Morse Code
Saturday, February 28, 2015
A couple days ago, Verizon posted a press release complaining about the FCC’s recent changes to Internet regulations. Normally, I wouldn’t really bother with things like this, but they posted their statement using morse code. While it would be easy enough to read their English version, I thought it would be fun to decode it using Factor.
This feels a little wonky and a little fragile, but part of that is probably not having higher level words that we can use for moving between parsed HTML and its TEXT representation.
USING: html.parser html.parser.analyzer html.parser.printer
http.client io kernel morse sequences splitting wrap.strings ;
1. Download the blog post and parse the HTML.
"https://publicpolicy.verizon.com/blog/entry/fccs-throwback-thursday-move-imposes-1930s-rules-on-the-internet"
http-get nip parse-html
2. Extract the morse code text from the post.
"blog" find-by-class-between
"p" find-between-first html-text
3. Split the morse code into words.
" " split-subseq
4. Parse each word’s morse code, joining and wrapping the text.
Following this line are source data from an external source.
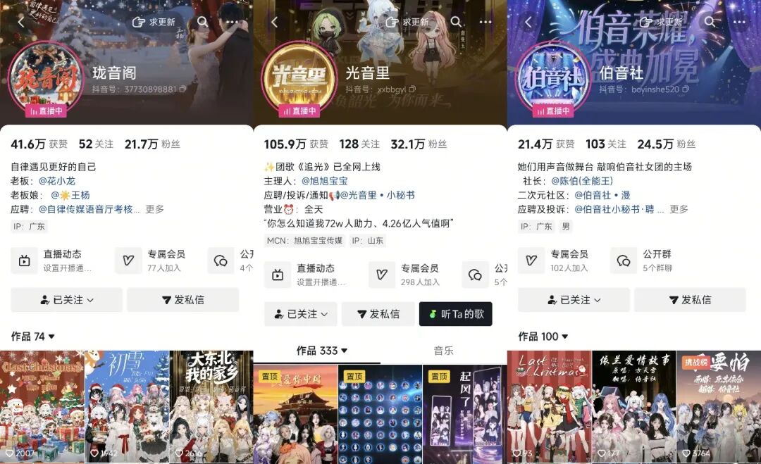 UU提到,听潮阁传媒的定位是一家音乐类经纪公司,而非单纯的语音厅公会,并逐渐摸索打通了“语音厅-虚拟直播-线下演出-主流舞台”的完整链路。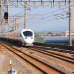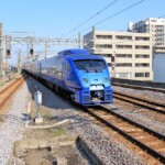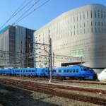 In 1995 upgrading of services on the northern section of the Nippô Honsen (Kokura – Ôita) was a pressing requirement in the face of increasing highway traffic and railway express trains with unattractive interior design and insufficient running speed. Thus 8 new 20 kV/60 Hz alternating current trains of class 883 were built 1994-1997. They are of a unique, playful design and have stainless steel coach bodies. Tilting allows speeds of up to 130 km/h. Sets 1 to 5 are 7-car trains (KUROHA 882 – SAHA 883 – MOHA 883 – SAHA 883 – MOHA 883 – SAHA 883 – KUMOHA 883). Sets 6 to 8 were originally 5-car trains; each set received two additional coaches in 2008, built with aluminum alloy coach bodies as class 883-1000 (KUROHA 882 – SAHA 883 – MOHA 883 – MOHA 883-1000 – SAHA 883-1000 – SAHA 883 – KUMOHA 883). Class 883 are based at Ôita and operate through intercity express trains from Fukuoka (Hakata station) via Kokura down to Ôita and Saiki.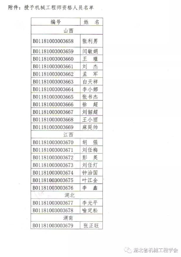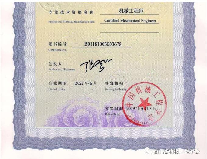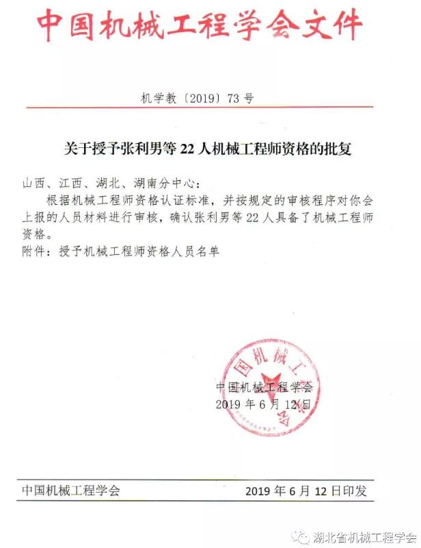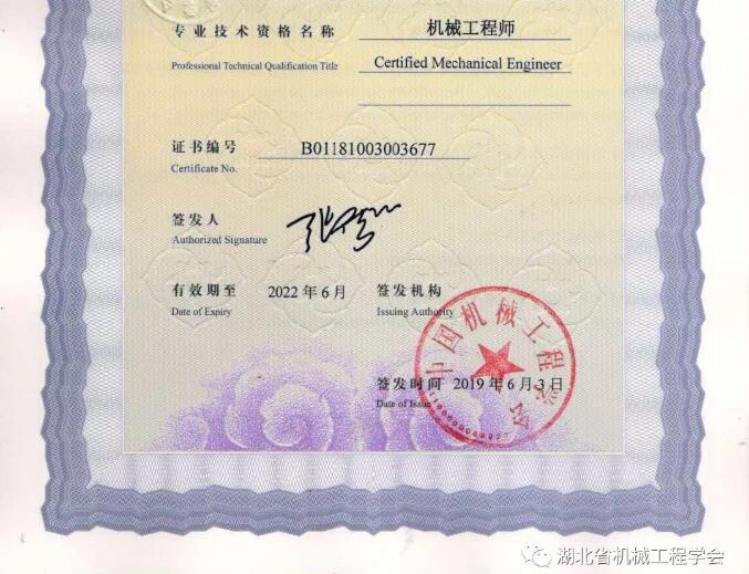 通過(guò)機(jī)械工程師資格考試,成績(jī)合格,經(jīng)湖北省機(jī)械工程學(xué)會(huì)初審申報(bào),中國(guó)機(jī)械工程學(xué)會(huì)批準(zhǔn),湖北省機(jī)械工程學(xué)會(huì)李光平、喻定松獲得中國(guó)機(jī)械工程學(xué)會(huì)(CMES)授予的機(jī)械工程師資格證書(shū)。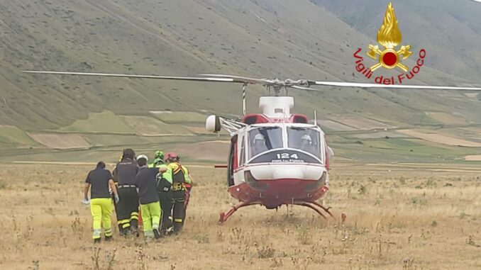 Un ciclista di 59 anni, caduto su un sentiero a Norcia, è stato soccorso dai sanitari del 118 e dai vigili del fuoco. Sul posto anche carabinieri e gli operatori del soccorso alpino che hanno aiutato la squadra dei vigili del fuoco a portare il ferito fino alla piana di Castelluccio, elitrasportato poi in Ospedale a Perugia dall’elicottero VVF arrivato da Arezzo. Il ferito ha riportato diversi traumi anche alla testa e classificato in codice rosso.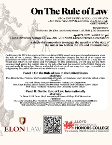 Come engage in a discussion on the rule of law in the U.S. and internationally on April 21, 4-7 pm. The “On the Rule of Law” symposium at Elon Law School (201 N. Greene St.), in partnership with Lloyd International Honors College, will be convened by Honors Dean Omar Ali and David Levine, Elon Law School Professor.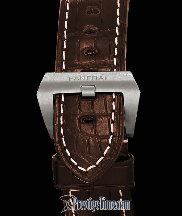 • Panerai mechanical manual wound caliber OP X movement with a swan neck regulator. Beats at  21,600 vph, contains 17 jewels & has an approximate 56 hour Power Reserve. Cotes de Geneve decoration on the bridges.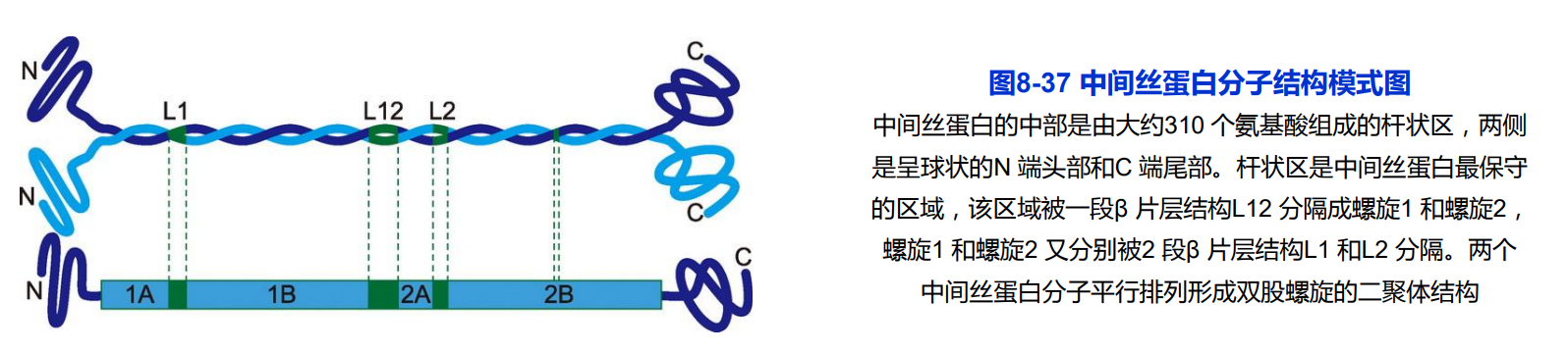 - 不同种类的中间丝蛋白有非常相似的二级结构;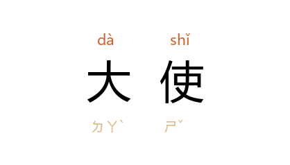 英语ambassador, envoy, CL:名[ming2],位[wei4]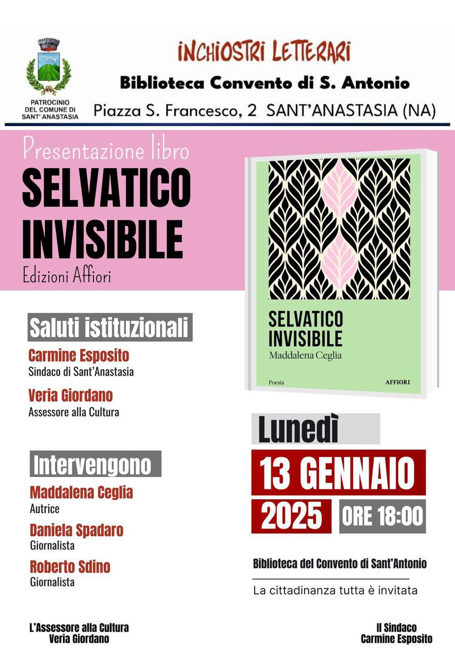 Alle 18:00 di lunedì 13 gennaio – nella biblioteca “Guido Giustiniani” del Convento di Sant’Antonio, nell’ambito della rassegna “InChiostri Letterari”, sarà presentato il libro “Selvatico Invisibile” la prima raccolta di poesie di Maddalena Ceglia edita da Affiori.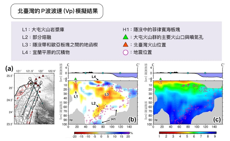 而在上圖(b)中,我們可以從紫色的小圓圈的分布看出菲律賓板塊隱沒產生的地震帶,以及隱沒後出現的部分熔融區(紅橘色的 L2)。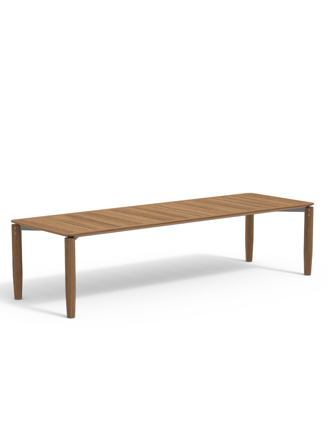 Il piano ritmato da ampie doghe e le linee morbide e arrotondate della struttura sono animate da una forte identità visiva che rende il tavolo LEVANTE - e tutta la collezione - un prodotto estremamente attuale e trasversale, per arredare un patio o uno yatch con estrema facilità, un po' come se fosse stato lì da sempre.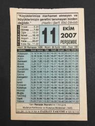 11 EKİM 2007 -TAKVİM YAPRAĞI-DOĞUM GÜNÜ HEDİYESİ-FAZİLET TAKVİMİ,MUDANYA KONFERANSI VE MUDANYA MÜTAREKESİ,1922,BAYRAM NAMAZI NASIL KILINIR,BAYRAM GECELERİ NE YAPMALI başlıklı ürün, Efemera, Müzik, Sinema > Belge ve Evraklar > Takvimler kategorisi altında İkinci El olarak satılmaktadır.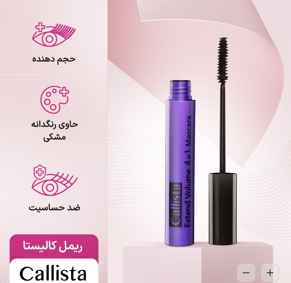 ریمل حجم دهنده 4 در 1 کالیستا مدل Extend Volume به خوبی فاصله میان مژههای شما را پوشانده و به آن حجم، بلندی و حالت میبخشد. در کنار ریمل حجم دهنده بنفش کالیستا میتوان از ریمل کالیستا صورتی و ریمل کالیستا نارنجی هم استفاده کرد تا حجم دهی مژهها بیشتر شود. موم زنبور عسل موجود در ترکیبات این محصول به ریمل کالیستا خاصیت ضد التهابی و بخشیده و از خشکی مژهها جلوگیری میکند. موم زنبور عسل به درمان عفونتهای قارچی و خارش ناشی از آن کمک میکند. این محصول فاقد پارابن است، بنابراین افراد دارای چشم حساس هم میتوانند با خیالی آسوده از آن استفاده کنند. ماندگاری این محصول بالا است و عدم ریزش آن در طول روز به شما این حق انتخاب را میدهد تا بتوانید از آن به صورت روزانه، در مهمانیها و مراسمها مهم استفاده کنید. اگر مژههای بلندی دارید و تنها به دنبال محصولی هستید که به مژهها حجم دهد، شما میتوانید از ریمل حجم دهنده کالیستا مدل Wonder Volume و محصولات کالیستا استفاده کنید.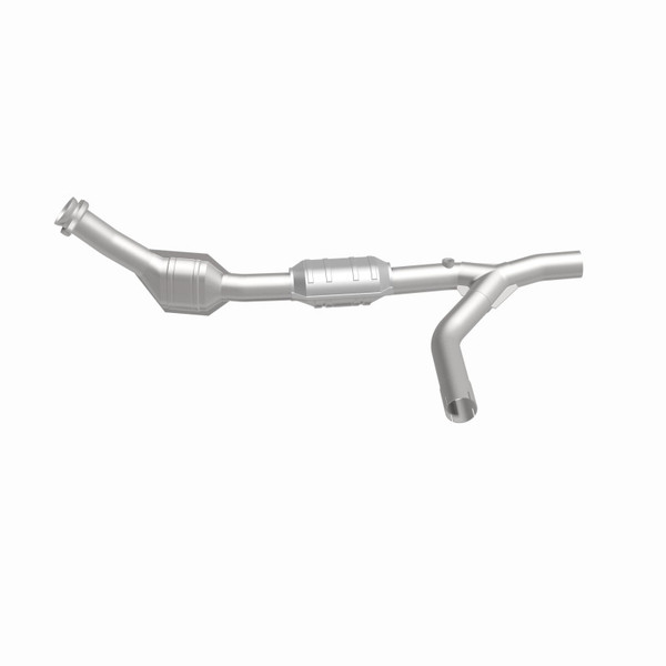 MagnaFlow HM Grade Federal/EPA Compliant Direct-Fit Catalytic Converter 93322 helps keep the check engine light off. DIY installation is easy with the proper tools (no cutting or welding required). With features including mandrel-bent tubing to eliminate flow restrictions and stainless steel construction to resist corrosion, you can have confidence in the quality of this catalytic converter. Using state-of-the-art 3D scanning systems in the design process, the MagnaFlow metrology department ensures this new part to fit and function like the original equipment. Designed to fit the 1997-1999 Ford E-150 Econoline, 1997-1999 Ford E-250 Econoline, and more, this direct-fit catalytic converter also interchanges with OE parts F8UZ-5E212-CA and XC2Z-5E212-AC, among others. This replacement part is designed to meet or exceed Federal emissions requirements set forth by the EPA, complying with legal standards for OBDII Federally registered vehicles with Federal/EPA Emission systems.
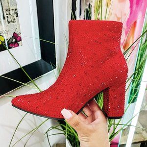 NEW🔥 Red Rhinestone Crystal Block High Heel Ankle Boots Booties Pointed Toe Zip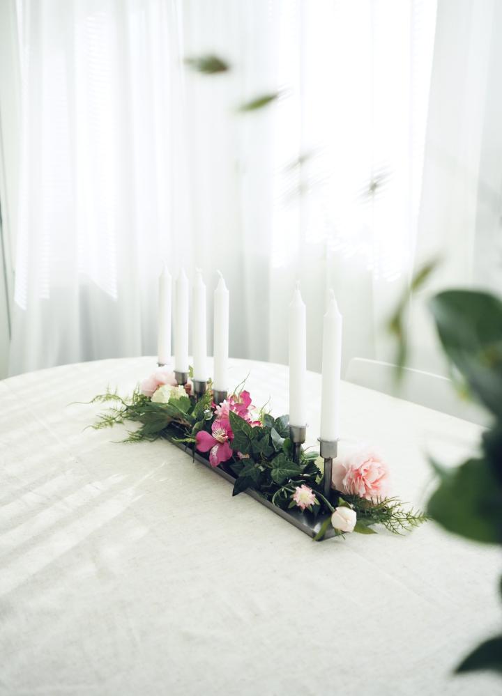 Otroligt vacker och användbar ljusstake som man dekorerar själv efter högtid och årstid.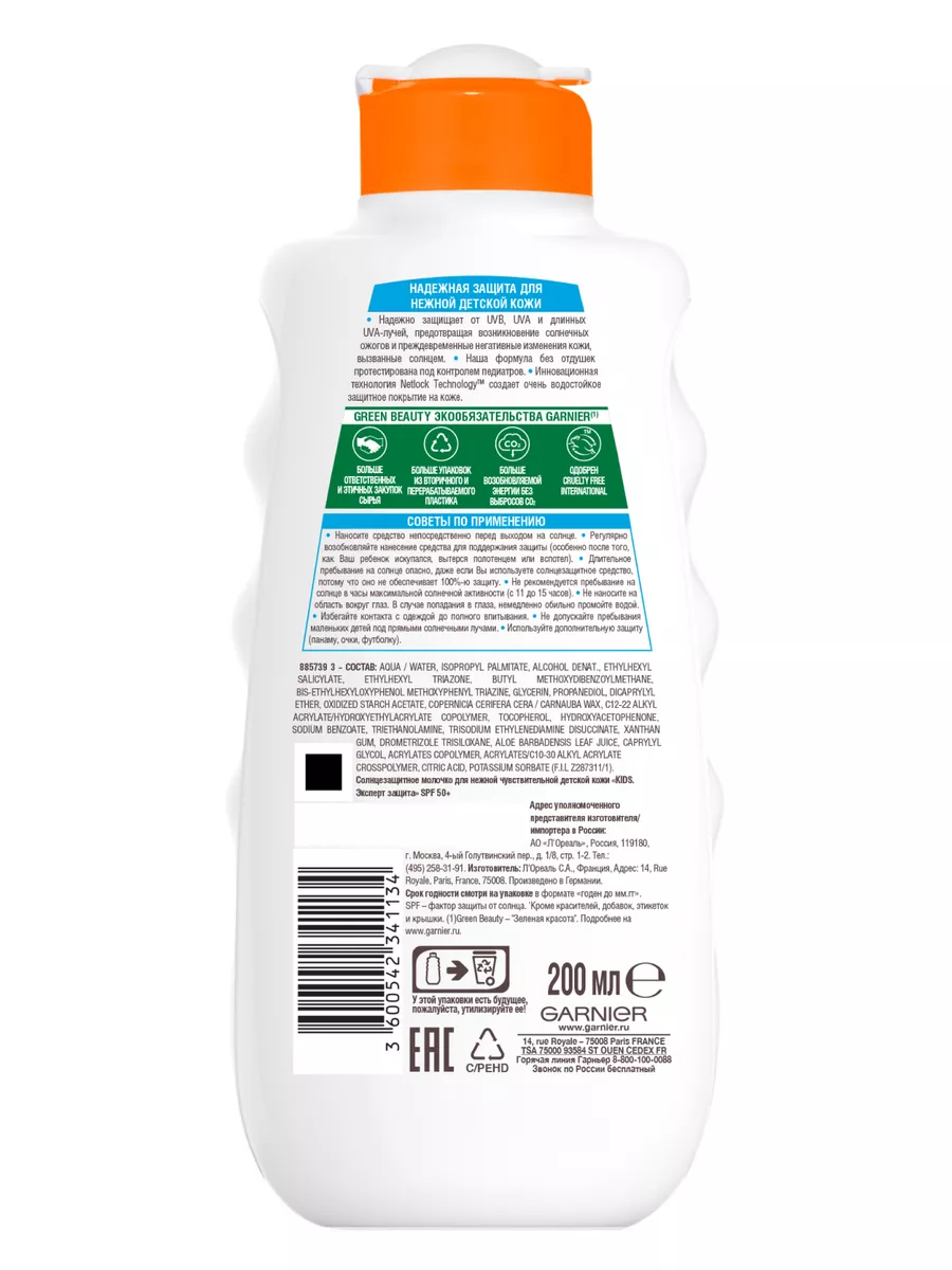 Cолнцезащитное молочко для детей СПФ 50+ водостойкое 200 мл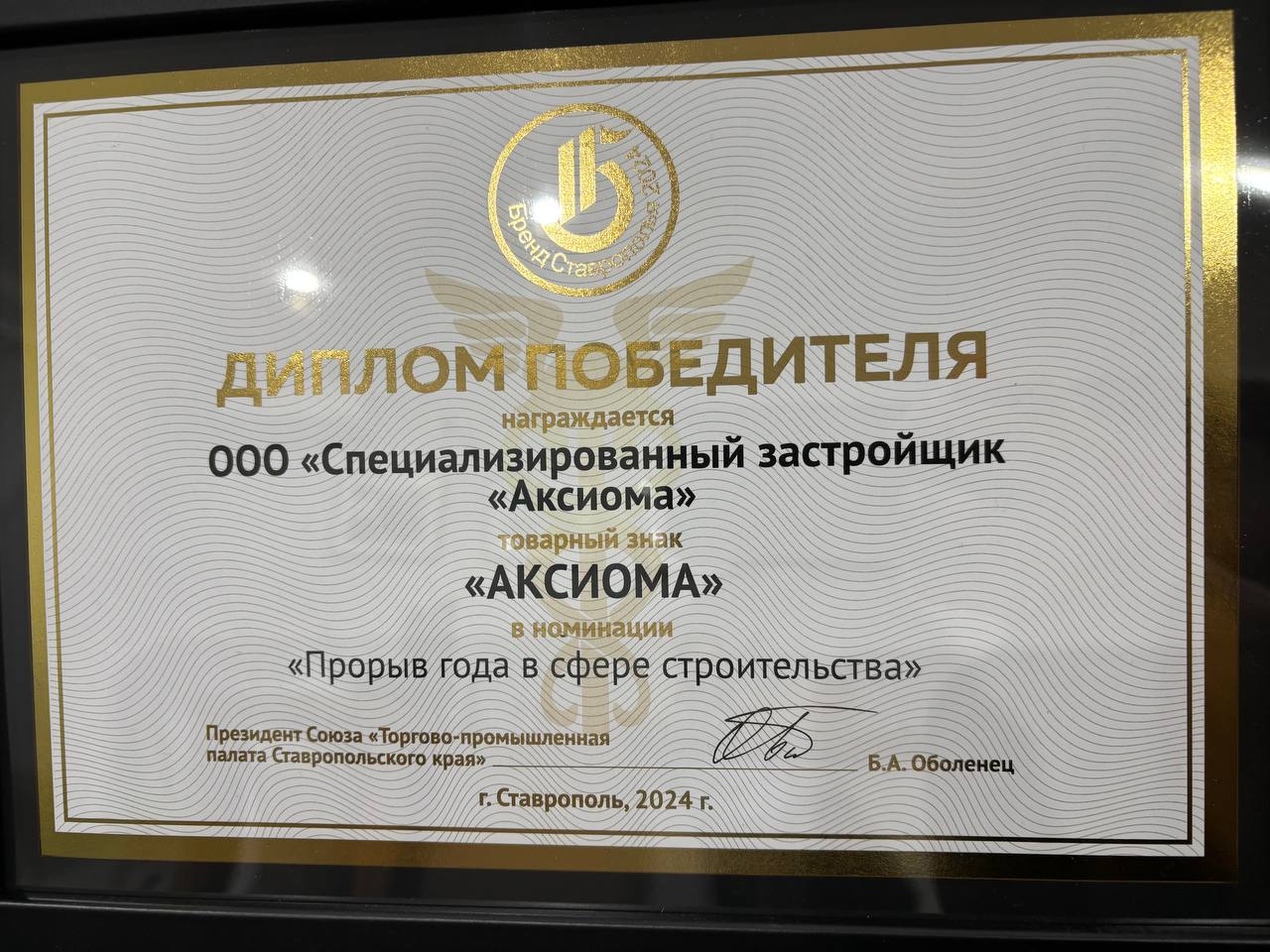В этом году наша компания « Специализированный застройщик Аксиома» с гордостью объявляет о своем триумфе на престижной премии «Бренд Ставрополья 2024», где мы стали победителями в номинации «Прорыв в области строительства». Эта награда стала для нас не только подтверждением нашего профессионализма, но и ярким свидетельством того, что наши усилия по внедрению инновационных технологий и высоких стандартов качества в строительстве были оценены по достоинству.

[ morse> ] map " " join 60 wrap-string print
The result is:
today's decision by the fcc to encumber broadband internet
services with badly antiquated regulations is a radical
step that presages a time of uncertainty for consumers,
innovators and investors. over the past two decades
a bipartisan, light-touch policy approach unleashed
unprecedented investment and enabled the broadband internet
age consumers now enjoy. the fcc today chose to change
the way the commercial internet has operated since its
creation. changing a platform that has been so successful
should be done, if at all, only after careful policy
analysis, full transparency, and by the legislature, which
is constitutionally charged with determining policy. as a
result, it is likely that history will judge today's actions
as misguided. the fcc's move is especially regrettable
because it is wholly unnecessary. the fcc had targeted tools
available to preserve an open internet, but instead chose to
use this order as an excuse to adopt 300-plus pages of broad
and open-ended regulatory arcana that will have unintended
negative consequences for consumers and various parts of the
internet ecosystem for years to come. what has been and will
remain constant before, during and after the existence of
any regulations is verizon's commitment to an open internet
that provides consumers with competitive broadband choices
and internet access when, where, and how they want.